Это он о ее душе, о ее переживаниях, ее мнимой вине перед обществом. Но она не испытывала ни вины, ни стыда, ибо за любовь нечего стыдиться. Любовь между мужчиной и женщиной сродни любви к Богу, ведь без любви закончится людской род, а Бог бы этого не хотел.
Леля молчала, и Тютчев не мог прочитать ее лицо, понять, что оно выражало – обиду на него или прощение. Временами он не понимал Елену Александровну, поскольку за живостью, подкрепленной выразительными эмоциями, а иногда и вспыльчивостью, граничащей с откровенной грубостью, в ее душе скрывалась глубокая религиозность. Она могла удивительным образом сочетать в своем характере христианское смирение и буйство нрава, доставшееся от отца-гусара.
Он попробовал извиниться за допущенную бестактность.

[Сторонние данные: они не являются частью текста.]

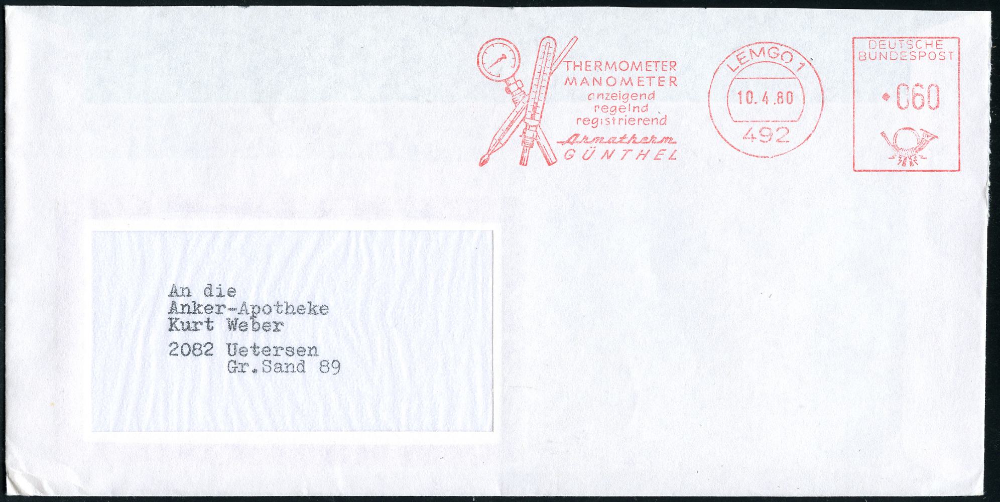 8818 | 10 € | PL-Raum 49.. (ohne Herford) : 492 LEMGO 1/ THERMOMETER/ MANOMETER/ ..Armatherm/ GÜNTHEL 1980 (10.4.) dekorativer AFS Francotyp (Thermometer, Manimeter) Fern-Bf., seltene Thematik (Dü.E-26) | ![]() | |
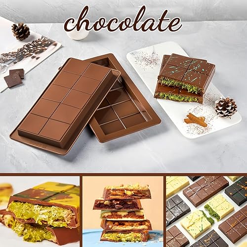 QOMJUFA Moule Tablette Chocolat Profond, 2PCS Moule à Chocolat Dubai, Chocolat Moule Chocolat Profond en Silicone pour Pralines et Bonbons au Chocolat DIY, sans BPA, de -40°C à 230°C
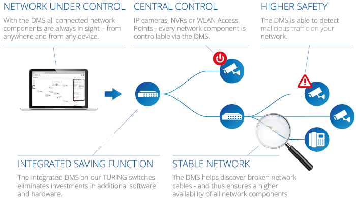 TURING switch in, IT budget down: Thanks to the integrated Device Management System (DMS) , LevelOne's TURING switches ensure significant cost savings . Because IT departments can do without the purchase of an extra management software or server.
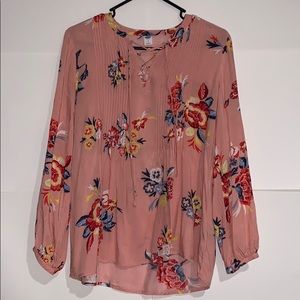A long sleeve silky blouse with flower designs. Has a tie-up v-neck with accordion styled material besides it. Material is very soft and smooth. Sleeves have a button wrist hold. Fits small- medium.
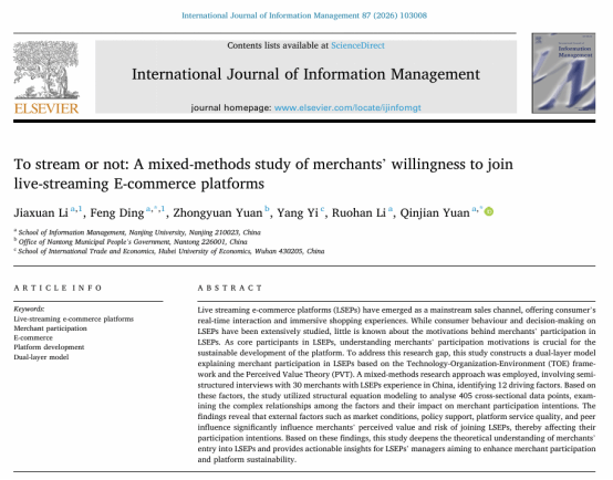 李佳轩和丁凤博士作为共同第一作者(指导老师为袁勤俭教授)的研究成果“To stream or not: A mixed-methods study of merchants’ willingness to join live-streaming E-commerce platforms”,在信息系统国际著名期刊《International Journal of Information Management》(中科院一区Top期刊,JCR一区:Information Science & Library Science类别排名1/166;影响因子27)发表。此文的三位合作者分别是硕士研究生袁中原,李若晗以及易扬。
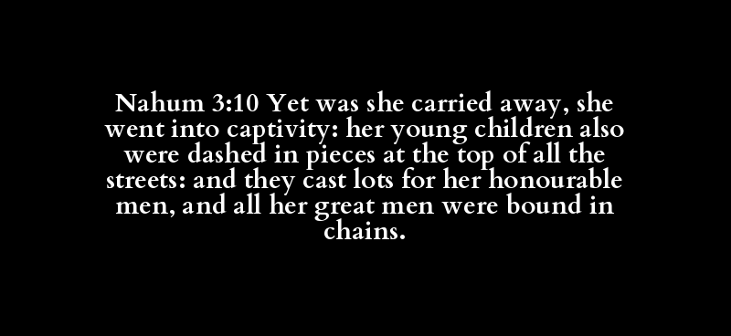 Nahum 3:10 Yet was she carried away, she went into captivity: her young children also were dashed in pieces at the top of all the streets: and they cast lots for her honourable men, and all her great men were bound in chains.
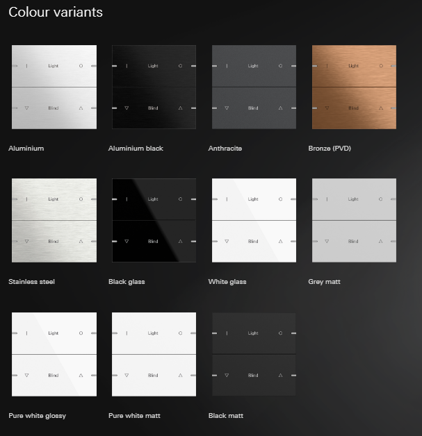 Cảm biến nút bấm Gira 4 có sẵn bằng thủy tinh, thép không gỉ và nhôm. Phiên bản thép không gỉ cũng có sẵn với lớp phủ đồng và phiên bản nhôm có sẵn sơn mài.
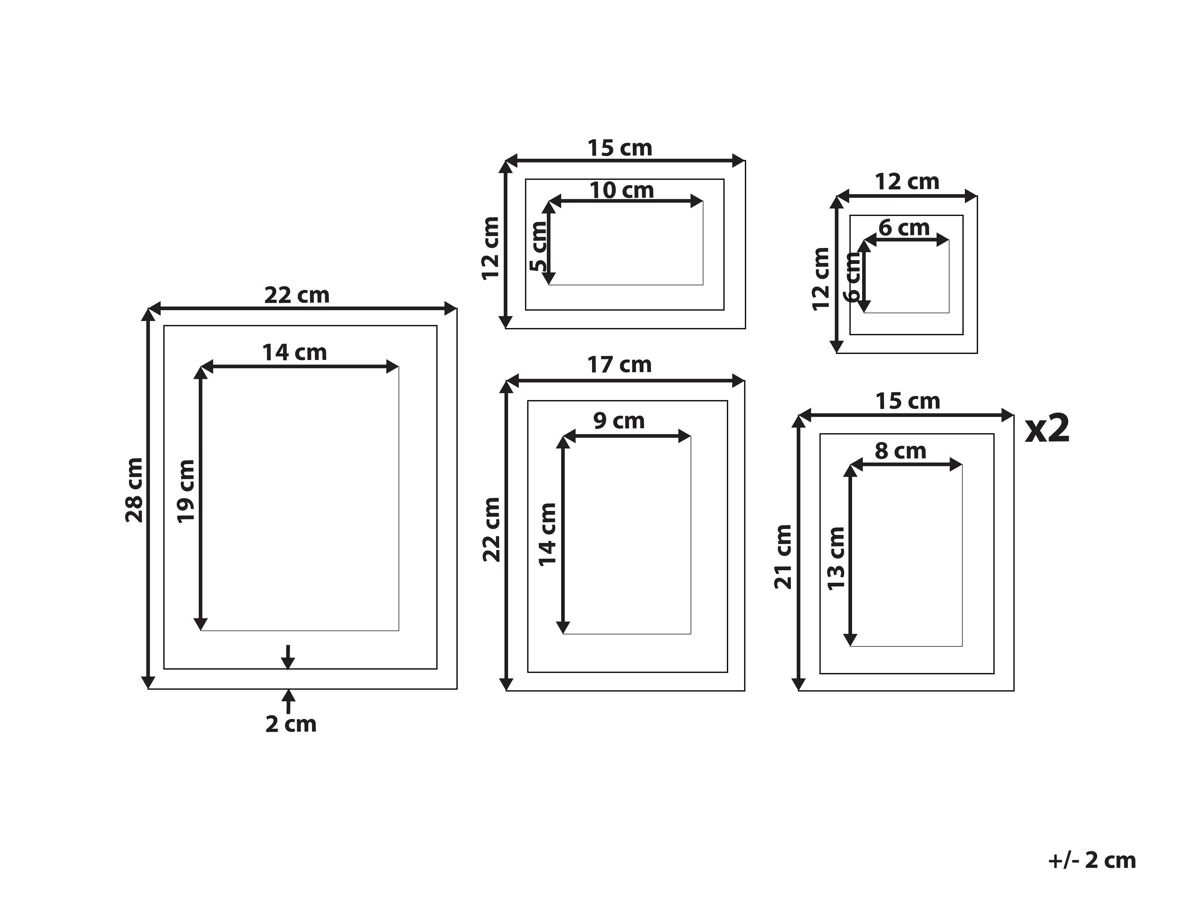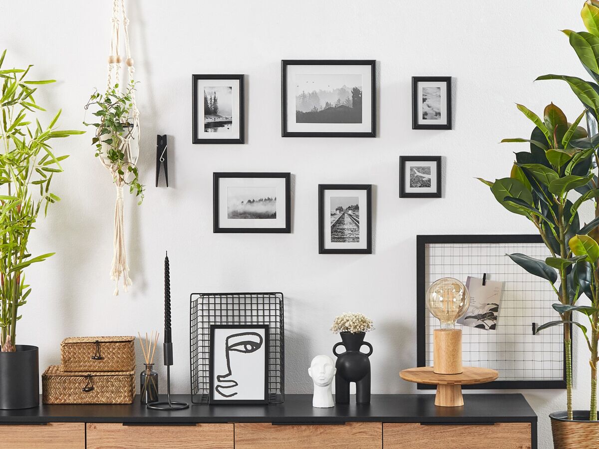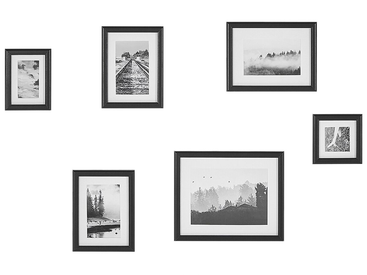 Juego de marcos. Decora la pared de tu hogar con este conjunto de 6 marcos. El juego está fabricado a partir de MDF con una lámina de plexiglás que protege el contenido. Los ganchos incluidos en la parte posterior permiten colgarlos horizontal o verticalmente, según prefieras. Puedes poner tus propias fotografías dentro de los marcos.
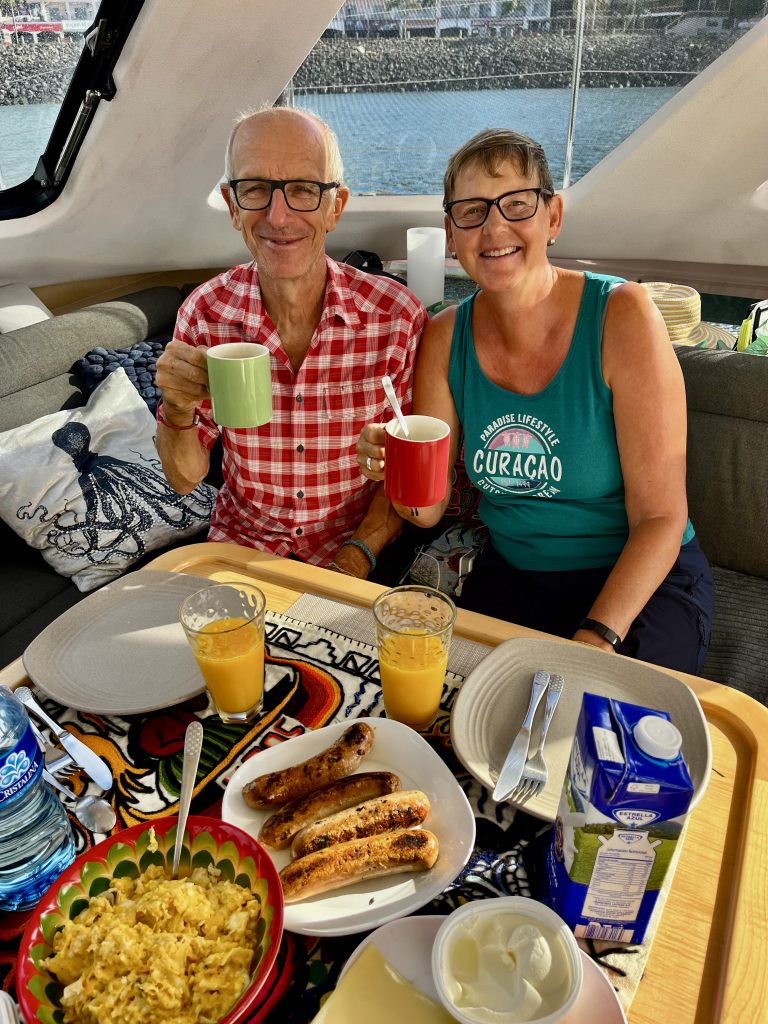 Schön, so zu viert den Tag zu beginnen. Leider wird das nun auch der Schlusspunkt unserer gemeinsamen Zeit sein. Uwe und Luise werden jetzt noch nach Panama City fahren, ein paar Einkäufe tätigen und dann zurück zur Shelter Bay, zu ihrer Luwina, fahren. Anfang Dezember geht es für sie nach Hause, um im Januar zurückzukehren und den Weg zurück zu den Bahamas und später dann ins Mittelmeer zu nehmen. Also führen unsere Wege in völlig entgegengesetzte Richtungen, und ein Wiedersehen ist wohl eher unwahrscheinlich. Schade! 🫤

– Леленька, извини меня, старого дуралея, если я нанес обиду твоей чувствительной душе. Я эгоист, ну что тут поделаешь! Люблю, чтобы мне было удобно, люблю внутренний комфорт. Извини меня, моя милая!
«Глупый, думает, что я обиделась», – улыбнулась она, не сказав ни слова, и опять принялась гладить его лицо, наблюдая, как Тютчев блаженно прикрыл глаза. Еще немного и задремлет. Пусть поспит. Его измученная душа требует отдыха, потому что он, конечно, мучается от такого двусмысленного положения. Хотя никому и не показывает вида.